When he tells her he gave her insulin, whether he genuinely didn’t know or did the poisoning himself, the result is the same. If he was too gullible to know or too cowardly to stop it, Scorsese purposefully leaves both options open to illustrate the point… it doesn’t matter. Whether there was outward prejudice or an inward silence, the native people still suffer from the action or inaction. Ernest is complicit and despite the potential for debate over Kantian ethics amongst audience goers after the film, Scorsese gives complicity and prejudiced action similar weight.
Number Two [William]: This one has a few less layers, but still depicts the figure looking to extort for personal progress, as David Ehrlich makes clear in his IndieWire review, “Hale kills the Osage with the indifference of a tiger mauling its prey.” Hale is a hunter, a predator, a hustler, looking to do whatever he can to protect and promote himself. Straight out of something from a gangster film.
I think the final impressive feat of “Killers” is its ability to avoid the banality of depicting racism in a period piece. Audiences for years have been hit on the head by the one-dimensional theme of: In the past… the whites were super racist… let’s make sure we are ALL on the same page… that it was really bad. Richard Brody credits the silence in the film for its eventual capability to expand its thematic scope and complexity beyond what is oftentime seen. He writes, “Nonetheless, the movie pivots on one of the great wordless gestures in recent movies—indeed, silence both runs through the action like a poison and serves as its own antidote. There’s a way of looking at this movie, a colossal tale of the sociopathy of American history, that’s a matter of listening to what’s said and what isn’t.”

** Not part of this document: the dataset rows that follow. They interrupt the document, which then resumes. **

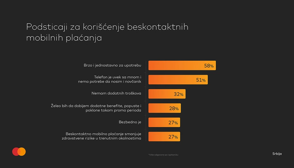 Kao glavnu prednost beskontaktnih plaćanja, MasterIndex ispitanici ističu da su ona brža i jednostavnija od drugih platnih metoda (58%), a ukazali su i na više aspekata njihove sigurnosti – počevši od toga da kartica / telefon sve vreme ostaje u ruci korisnika (51%), preko sigurnosnih tehnologija koje su primenjene (27%) do činjenice da beskontaktna plaćanja smanjuju zdravstvene rizike (27%).
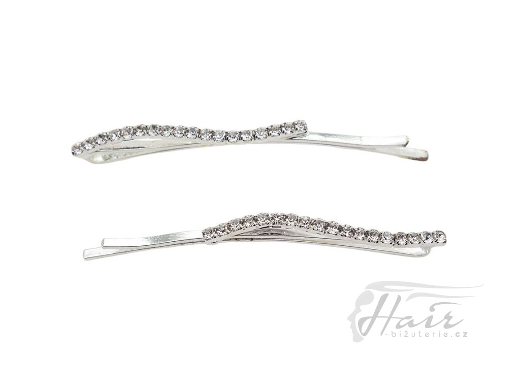 Kovová sponka s kamínky - vlnka, 2 ks
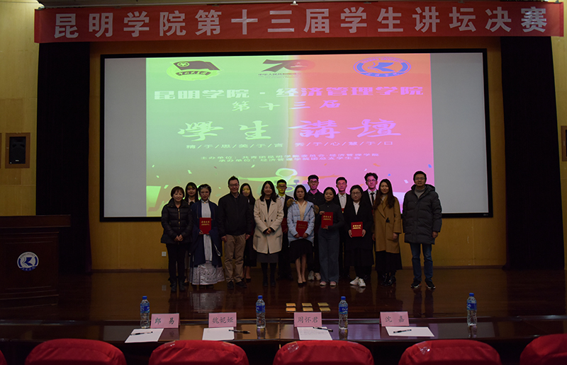12月12日晚,由共青团永利集团3044官网欢迎您委员会、经济管理学院主办,经济管理学院团总支学生会承办的永利集团3044官网欢迎您第十三届学生讲坛决赛在惟行楼1501报告厅成功举办。共青团云南省委副书记(挂职)、共青团永利集团3044官网欢迎您委员会书记魏妮娅老师,共青团云南省委副书记(挂职)、云南广播电视台著名主持人周怀君老师,共青团永利集团3044官网欢迎您委员会副书记沈嘉老师担任评委。永利集团3044官网欢迎您校团委副书记郎易老师、经济管理学院团总支书记鲍鲲老师和200余名学生观看比赛。
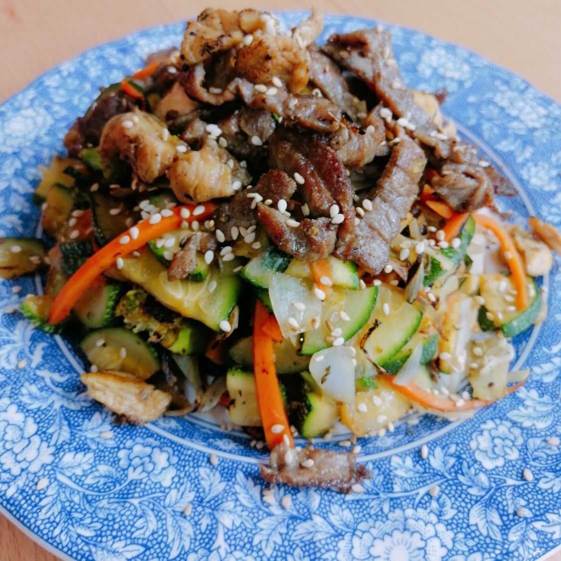 Tepanyaki de camarón con verduras a la plancha, calabaza, cebolla, zanahoria , brocoli
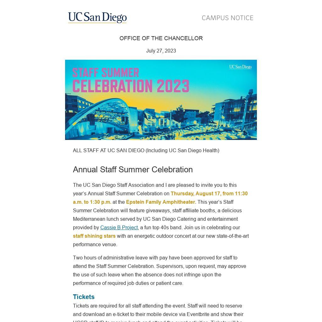 The UC San Diego Staff Association and I are pleased to invite you to this year’s Annual Staff Summer Celebration on Thursday, August 17, from 11:30 a.m. to 1:30 p.m. at the Epstein Family Amphitheater. This year’s Staff Summer Celebration will feature giveaways, staff affiliate booths, a delicious Mediterranean lunch served by UC San Diego Catering and entertainment provided by Cassie B Project, a fun top 40s band. Join us in celebrating our staff shining stars with an energetic outdoor concert at our new state-of-the-art performance venue.
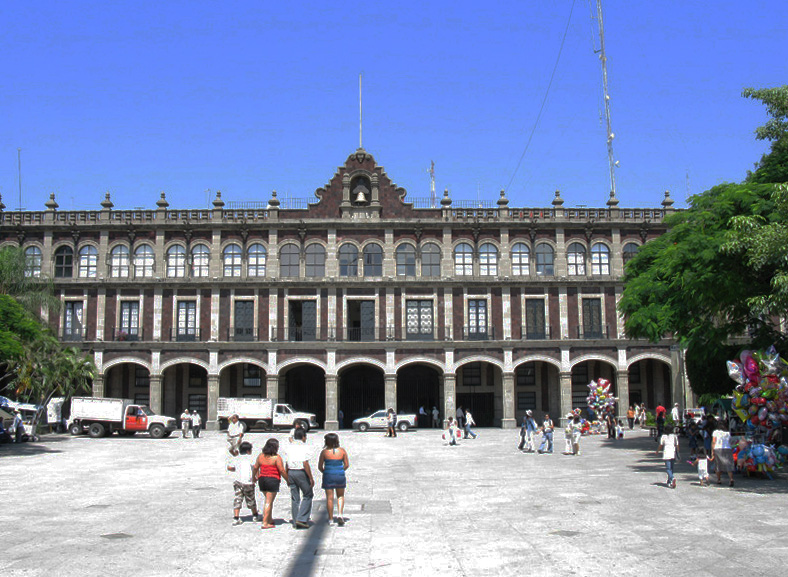 Source: WTL© photo 2009 taken on site in Cuernavaca. Image: Another view of the old central square (el zócalo) in the city's historical district (centro histórico). Comment: This is the city hall (ayuntamiento). Note that, unlike all other Mexican cities built on the Spanish Renaissance grid plan, the city's cathedral is not across the square and facing the city hall. Humanities Question: Describe the style of this building. |
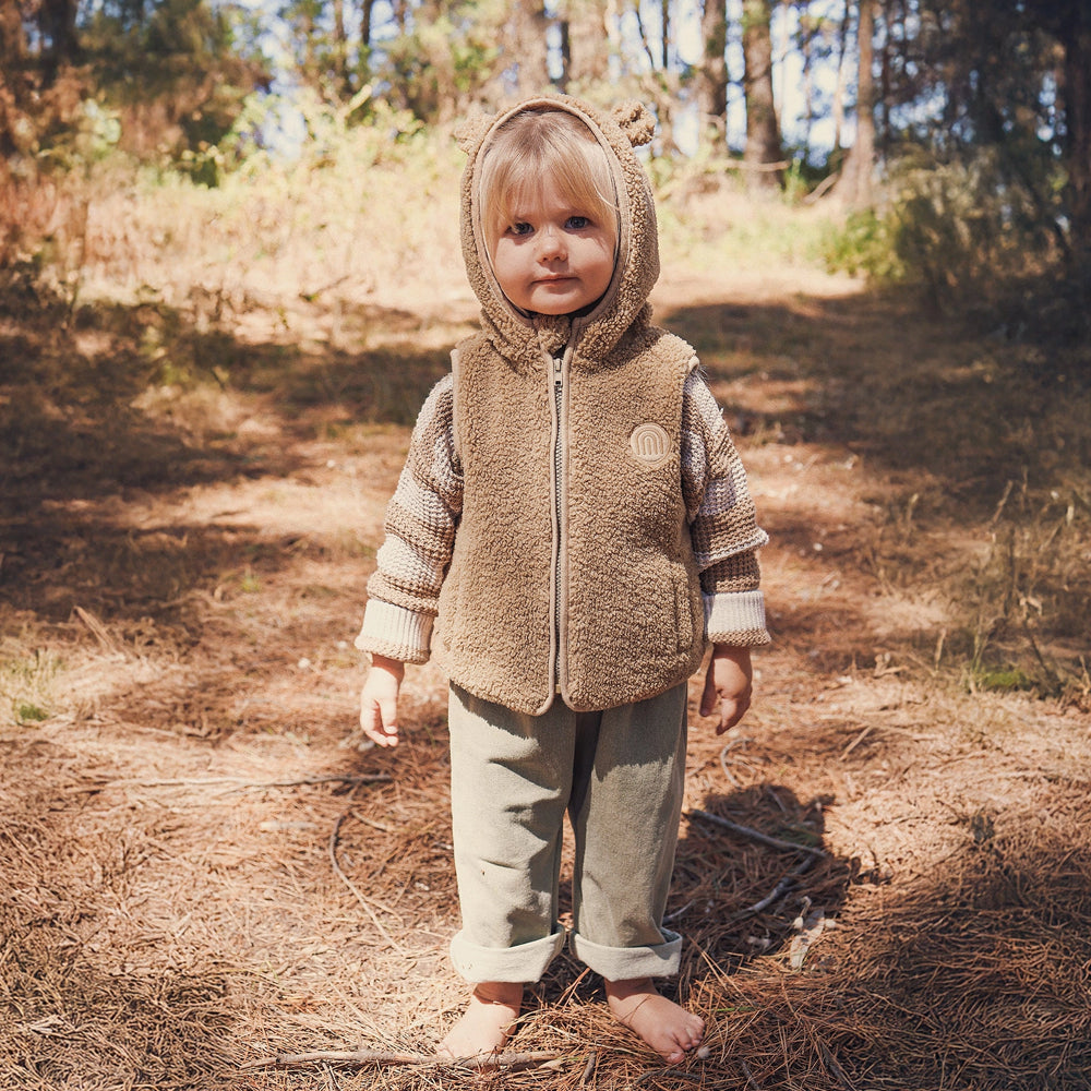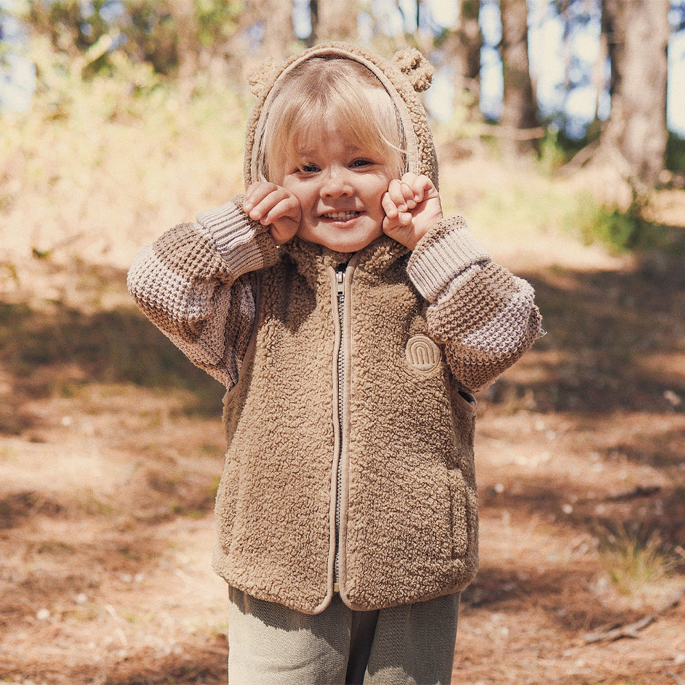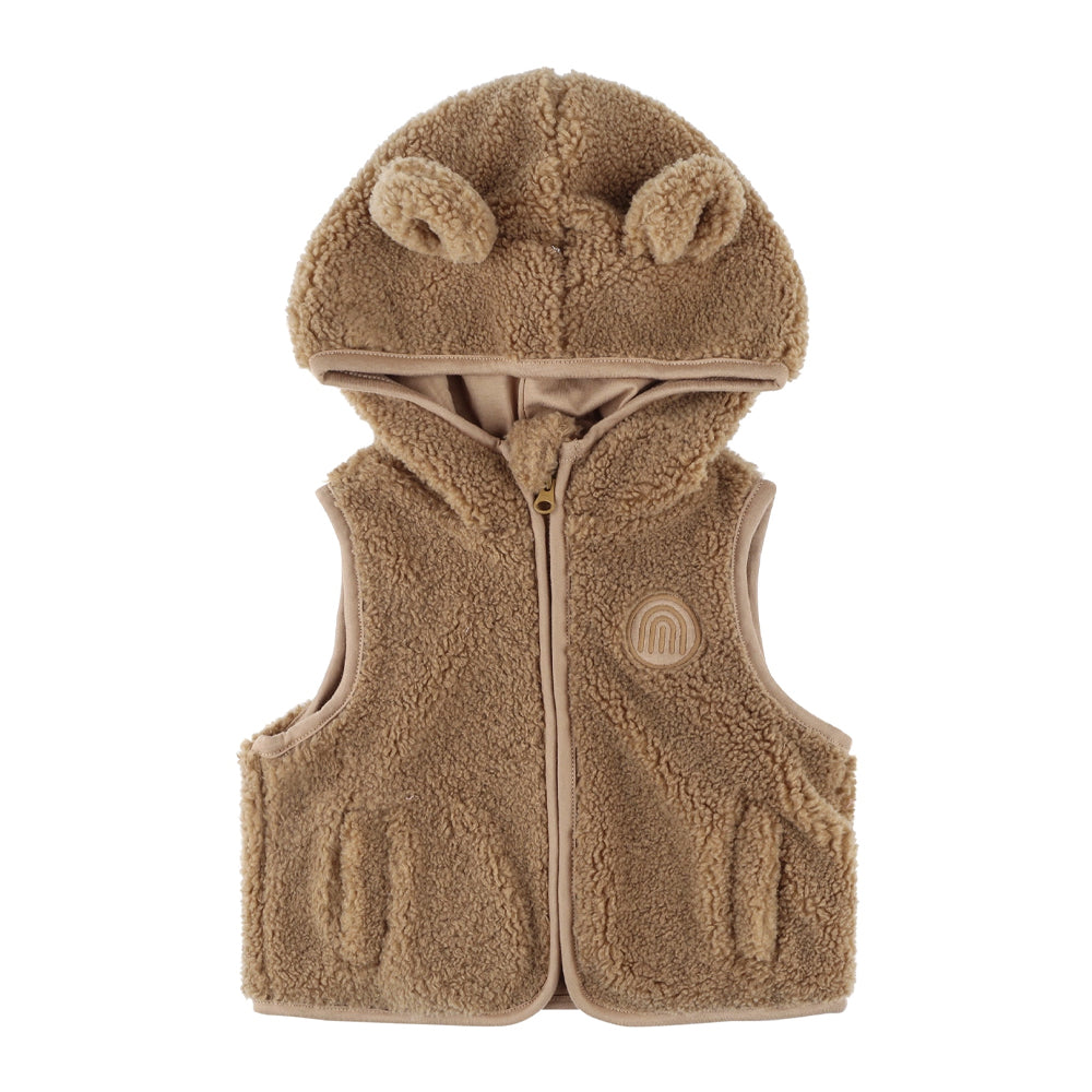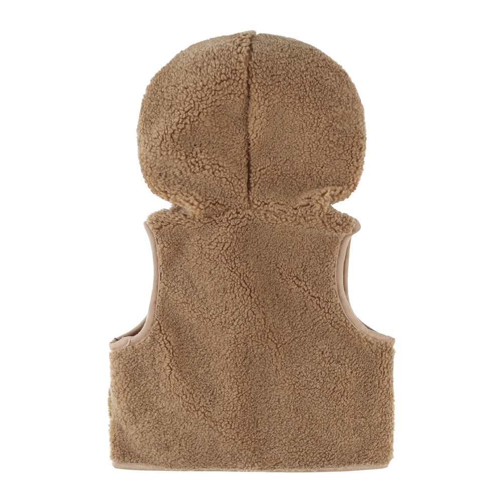 Crafted in soft teddy fur, the mocha Sherpa Vest features sweet matching teddy ears on its cosy hood.
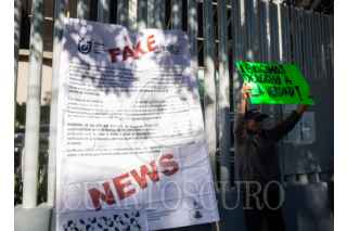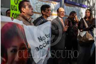CIUDAD DE MÉXICO, 27ENERO2026.- Los padres de Berenice Giles fotógrafa víctima mortal de accidente en el concierto de Axe Ceremonia se manifiestan en los juzgados civiles. Hace unos días la Fiscalía General de Justicia de la Ciudad de México (FGJCDMX) notificó que las empresas Operadora de Centros de Espectáculos, S.A. de C.V. (Ocesa) y Servicios de Protección Privada Lobo, S.A. de C.V., fueron imputadas por su presunta participación en el delito de homicidio. FOTO: ANDREA MURCIA /CUARTOSCURO.COM

The silence in the film, channeled through an unreflective Ernest, represents the routine complicity this country has shown toward injustice against Indigenous people. Regardless of the knowing of exact details, everyone in Oklahoma that wasn’t Osage knew what William was up to. The film is attempting to break the belief that there is an esotericism to explicit injustice or detached responsibility for those who do not engage in explicit injustice. But how do we make this personal? What is the first step for the audience? What can I do to be better? Scorsese closes his eyes. “The most personal is the most creative.” He turns to Catholicism, something most personal for him.
I promise, I’m not pulling a rabbit out of a hat here. With Scorsese, everything can be (and is) biblical. He’s admitted openly many times that before his eventual career in filmmaking, Scorsese was interested in a life of ministry, and the argument can be made that he frames the three central characters straight out of scripture. There is Mollie, the Jesus figure, who suffers and eventually dies from the sins committed on the Osage and her family. Ernest, the Judas figure, who directly contributes to Mollie’s agony despite his ability to stop it. William, the Devil.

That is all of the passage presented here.